A segnalare il gioco delle tre carte pensa la Cgil: “Nel Def da una parte si ammette che il governo ha sottovalutato prima i rischi e oggi la realtà della deflazione – osserva il segretario ‘macroeconomico’ Danilo Barbi – dall’altra che ha sopravvalutato l’effetto economico delle cosiddette riforme strutturali, sia del governo Monti che dell’attuale. Poi però si lasciano sostanzialmente le cose come prima.
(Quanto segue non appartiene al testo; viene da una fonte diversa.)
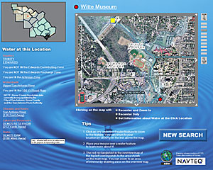 Stretching more than 150 miles from east to west and nearly 100 miles from north to south, the Edwards aquifer is a unique natural resource in south-central Texas, supplying water for agriculture, recreation, wildlife, and the daily needs of nearly two million residents Because this region's climate is semiarid (average yearly rainfall is 30 inches but varies widely from month to month), reliable access to water is critical for sustaining the communities that have grown up here, including San Antonio. Water quality and availability are a primary concern of organizations, such as the San Antonio River Authority (SARA), that have long been engaged in education, preservation, and protection efforts. Recently, the Edwards Aquifer Authority, SARA, the Witte Museum of San Antonio, and a number of other organizations collaborated on an exhibit entitled "World of Water" that was on display at the Witte Museum March through September 2005. The World of Water exhibit comprised several activities, including a 3D virtual tour of the aquifer, a live theater performance in which two raindropsSplish and Splashtravel through the water cycle, a scale model of a water tower, and a GIS kiosk displaying interactive maps of the Edwards aquifer region. Inspiration for the GIS exhibit came from a 2002 conference about water resources attended by policy makers including former mayors; the Edwards Aquifer Authority; Guadalupe-Blanco River Authority; San Antonio Water System; SARA; University of Texas, Austin, Bureau of Economic Geology; University of Texas, San Antonio, Water Research Center; and other water agencies and advocacy groups. Discussions at the conference led to the agencies deciding that a resource was needed to help citizens learn about their role in maintaining the health of future water in south Texas. Staff members at SARA, who use GIS extensively in their own work, approached the Witte Museum officials, who were enthusiastic and recommended that the museum contact Esri to learn more about GIS and discuss how GIS could be incorporated into the exhibit. Esri-San Antonio staff members met with the museum's exhibit designers to design a user-friendly GIS application to view and analyze watershed information in a way that non-GIS users could readily understand.
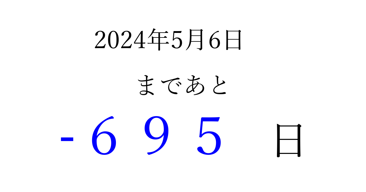 2024年5月6日(月)は もう 000 日過ぎました 追加すると、トップページからすぐ選べるようになります ※2026/04/01現在の結果です。 最新の状態に更新する ↓シェアして、タイムライン上にカウントダウンを表示しよう!↓ 📤 この結果を共有する Tweet シェア Threads Bluesky 別の日付でカウントダウン 2024年5月のカレンダー このページをブックマークに追加すると、いつでもカウントダウンを確認できます。 (PC: Ctrl+D / Mac: ⌘+D) hitome-notes.comでは以下のページも運営しています。 指定日と期間から日付を計算 | ガチャ確率計算・シミュレーション | プライバシー・ポリシー 運営者:Avocado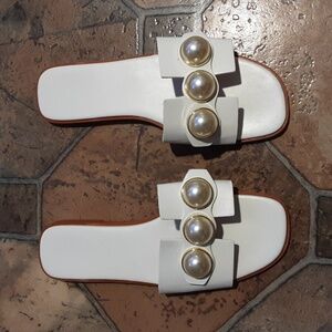Step out in style with these elegant white sandals, featuring stunning pearl embellishments. Perfect for any occasion.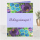 Lila-blau Stickerei-Look - bedruckte große Grußkarte. Kalocsai Stil Vintage Blumenkunst von Dorfbewohnern aus Ungarn. fotografiert von Alma Wad . Es kommt mit dem Text " Boldog Nevnapot !", was bedeutet "Happy Name Day ".
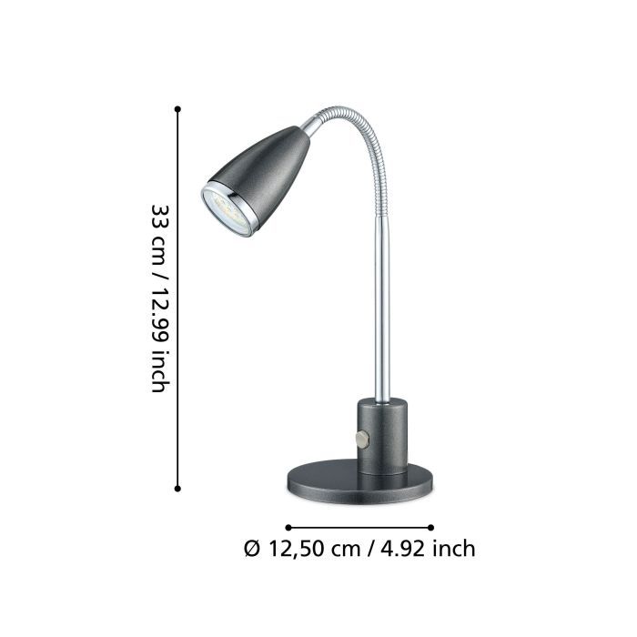 Φωτιστικό Γραφείου Μαύρο-Χρωμέ Ø12,5xH32 cm 1xGU10 2,8w Warm White 250lm 220-240V,50/60Hz Eglo Fox 92873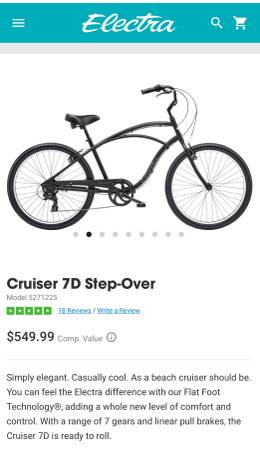 Barely used Electra Cruiser 7 bike. Excellent shape. Make me an offer! I live in Ramona now and can’t ride it. Comes with a lock. Will deliver!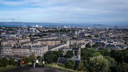 Edinburg, UK - August 23, 2021: People looking over the sea from Calton hills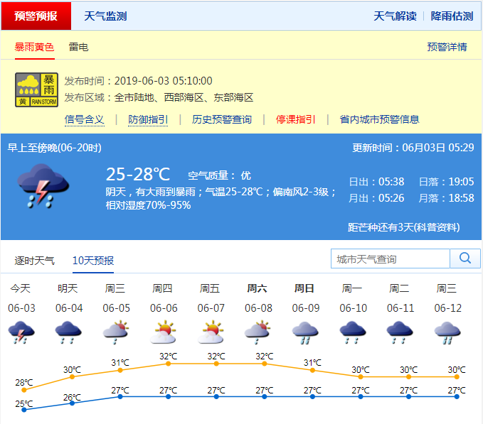 深圳市氣象臺(tái)于2019年06月03日05時(shí)10分在全市發(fā)布暴雨黃色預(yù)警,全市進(jìn)入暴雨戒備狀態(tài),請(qǐng)學(xué)生和家長(zhǎng)做好防雨防雷措施,雨急時(shí)就近避雨,上學(xué)途中注意交通安全。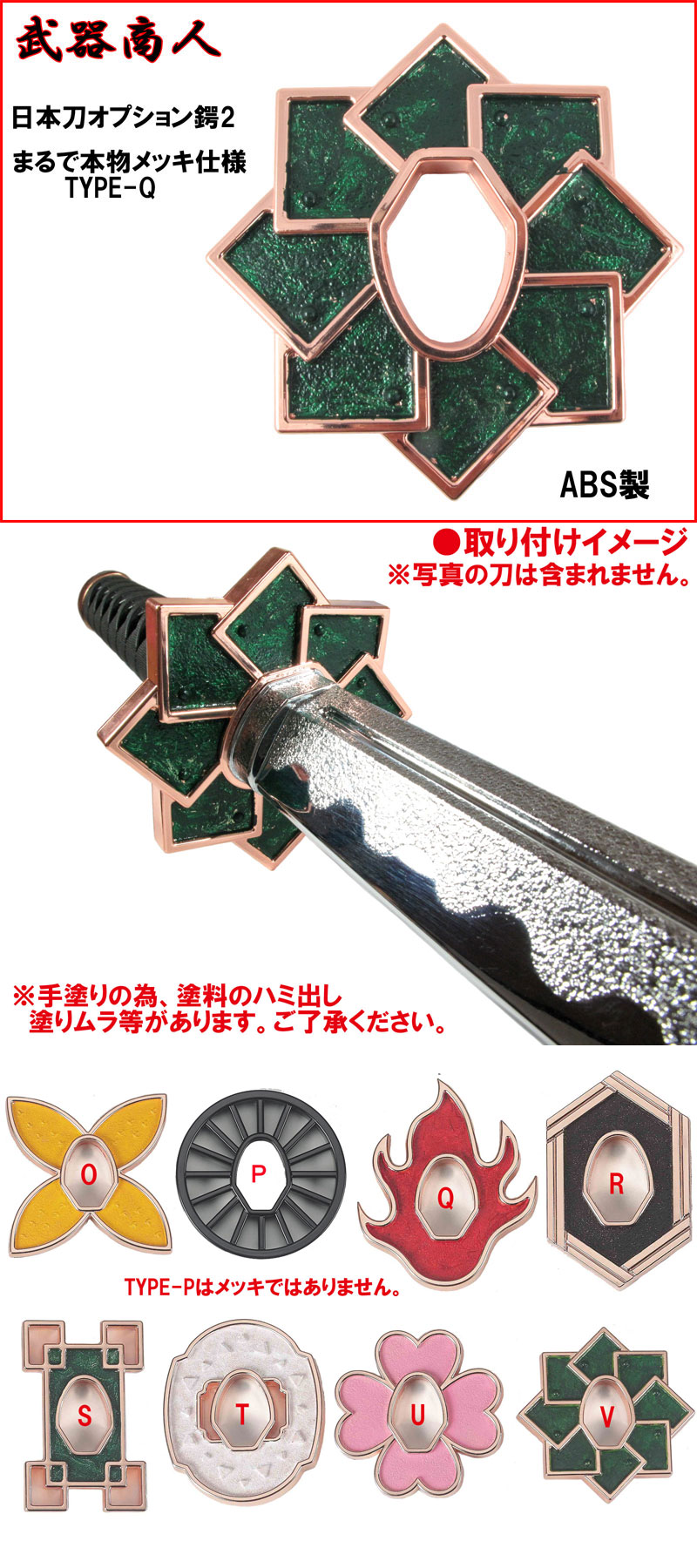 ●【武器商人】製 日本刀(メッキ/PP黒)、脇差(メッキ/PP黒)、幅広短刀(メッキ/PP黒)、木刀(PP黒)、忍者刀(鍔ありPP黒)などに対応するオプション販売の鍔です。対応について詳しくはお問い合わせください。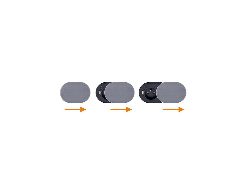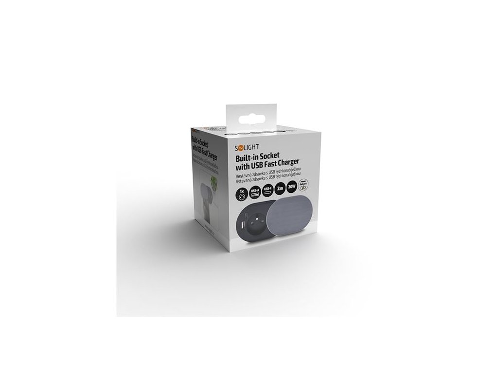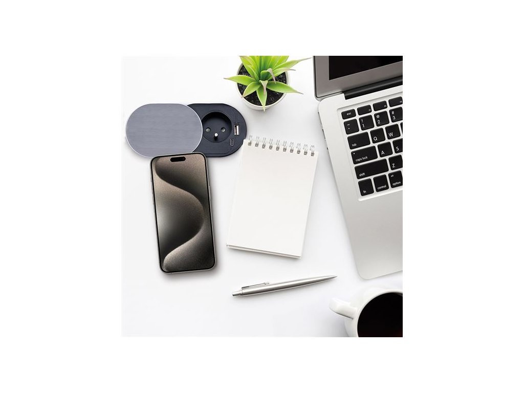 - vestavná elektrická zásuvka pro pracovní desky a stoly s USB rychlonabíječkou

Si prevede, infatti, di ridurre sia la spesa che gli investimenti pubblici per i prossimi anni, sostenendo però che aumenteranno, non si capisce perché, gli investimenti privati nonostante che i consumi non ripartiranno”.
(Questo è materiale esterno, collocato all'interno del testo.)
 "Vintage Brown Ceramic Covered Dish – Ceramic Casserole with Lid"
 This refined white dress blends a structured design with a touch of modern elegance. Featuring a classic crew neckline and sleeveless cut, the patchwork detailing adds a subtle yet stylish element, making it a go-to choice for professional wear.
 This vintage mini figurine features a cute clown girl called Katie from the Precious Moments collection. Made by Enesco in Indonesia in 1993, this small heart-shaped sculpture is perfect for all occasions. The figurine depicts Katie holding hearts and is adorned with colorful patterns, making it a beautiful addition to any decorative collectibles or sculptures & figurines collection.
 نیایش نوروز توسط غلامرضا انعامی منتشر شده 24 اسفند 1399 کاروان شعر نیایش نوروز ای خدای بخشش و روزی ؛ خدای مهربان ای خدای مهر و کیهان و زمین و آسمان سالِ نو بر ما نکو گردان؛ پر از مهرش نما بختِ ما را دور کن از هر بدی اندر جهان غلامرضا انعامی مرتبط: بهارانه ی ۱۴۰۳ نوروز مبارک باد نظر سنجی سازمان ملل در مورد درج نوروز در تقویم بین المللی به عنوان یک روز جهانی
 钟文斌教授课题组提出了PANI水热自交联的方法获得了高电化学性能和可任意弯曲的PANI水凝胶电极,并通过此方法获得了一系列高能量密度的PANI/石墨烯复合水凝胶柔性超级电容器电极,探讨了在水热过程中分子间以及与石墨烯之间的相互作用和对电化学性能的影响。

La chiave di lettura dell’apparente controsenso è presto detta: “Tutto diventa chiaro nelle previsioni dell’occupazione del futuro – sottolinea Barbi – perché il governo continua per un verso a sopravvalutare la crescita prossima, con una progressione del Pil che è calcolata in +0,6% nel 2015, +1% nel 2016, +1,3% nel 2017, e +1,4% nel 2018. Quando però si arriva alle ipotesi dell’occupazione, nonostante questo ottimismo ingiustificato si prevede comunque una disoccupazione al 2018 pari all’11,2%, con quella giovanile che corrisponde al 40%. Il governo quindi sta pensando che la disoccupazione rimarrà altissima per diversi anni”.
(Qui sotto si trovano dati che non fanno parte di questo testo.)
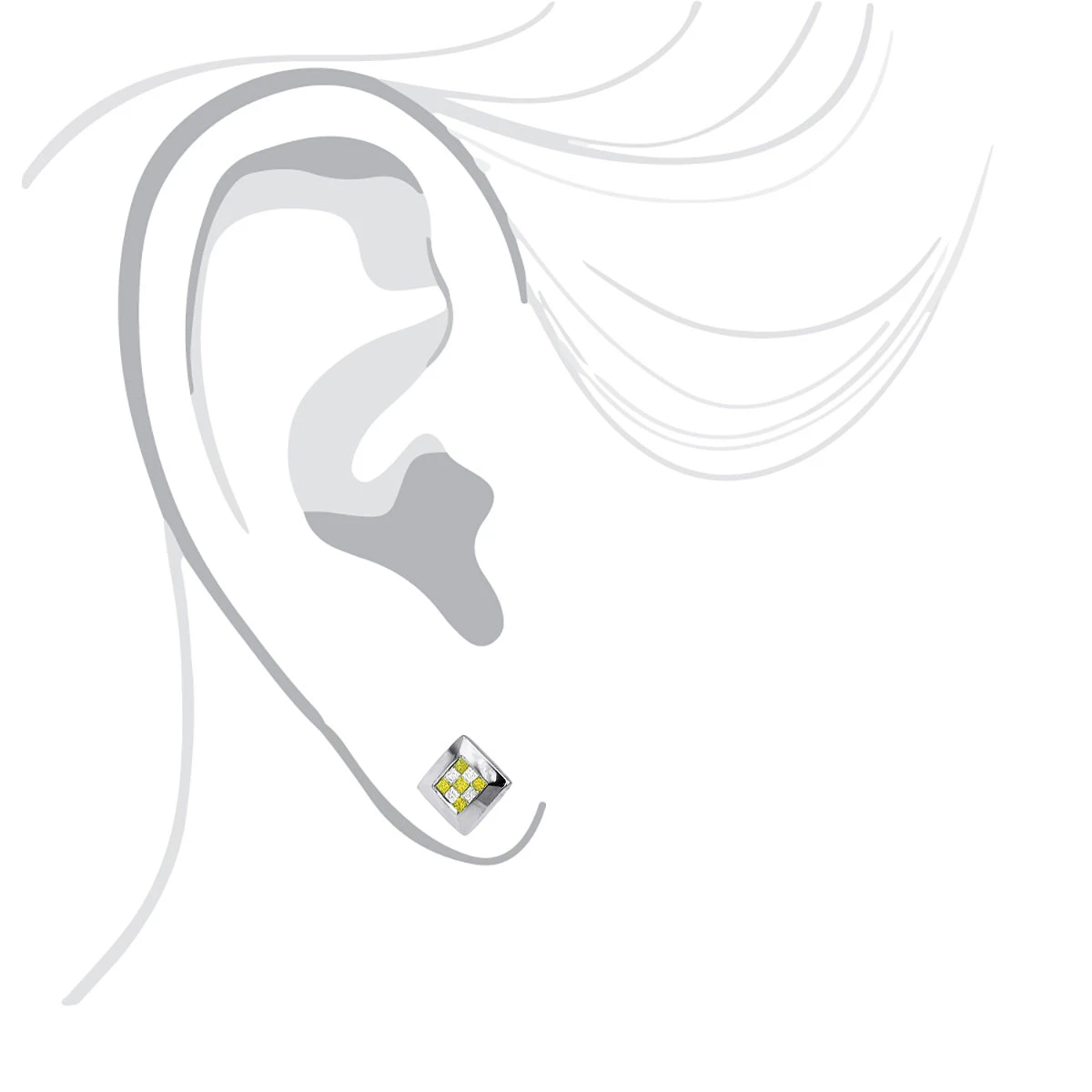These very unique 14K Gold White Yellow Princess Cut Diamond Earrings Studs weigh approximately 2 grams and showcase 0.5 carats of invisibly-set princess cut diamonds. Featuring a checkered pattern and a highly polished gold finish, these versatile white and canary yellow diamond stud earrings are available in 14K white, yellow and rose gold.

Quasi inutile osservare che, a fronte delle ricette proposte dalla Cgil (“Un piano straordinario di creazione di lavoro finanziato da una patrimoniale sulle ricchezze finanziarie, e parallelamente investimenti pubblici per una nuova politica industriale”), Matteo Renzi guarda in tutt’altra direzione. A Londra il presidente del consiglio italiano si esibisce in uno dei suoi classici giochi di parole, facendo sapere che ammira la presa di posizione francese sullo sforamento del rapporto deficit/pil (“sto dalla parte di François Hollande e Manuel Valls”), ma sottolineando al tempo stesso che l’Italia è uno scolaro diligente che fa i compiti a casa: “Noi rispettiamo i limiti che ci siamo dati del 3%”.

La trasferta inglese di Renzi diventa illuminante quando il premier italiano prima ribadisce la necessità della riforma del lavoro, e poi in visita alla City fa appello alle multinazionali perché investano in Italia. Sul lavoro infatti il Def pone grandi aspettative: le riforme programmate dal governo nel 2012-14, secondo il documento, avranno un immediato effetto sul Pil di 0,4 punti, per poi salire a 3,4 maggiori punti di sviluppo nel 2020 e arrivare a 8,1 maggiori punti di crescita nel lungo periodo. Con il modello “flessibile”, va da sé, su cui il governo punta le sue carte. Anche con la classica foglia di fico a coprirne le vergogne: “La rete di ammortizzatori sociali – assicura il ministro Padoan – verrà rafforzata e resa più inclusiva”.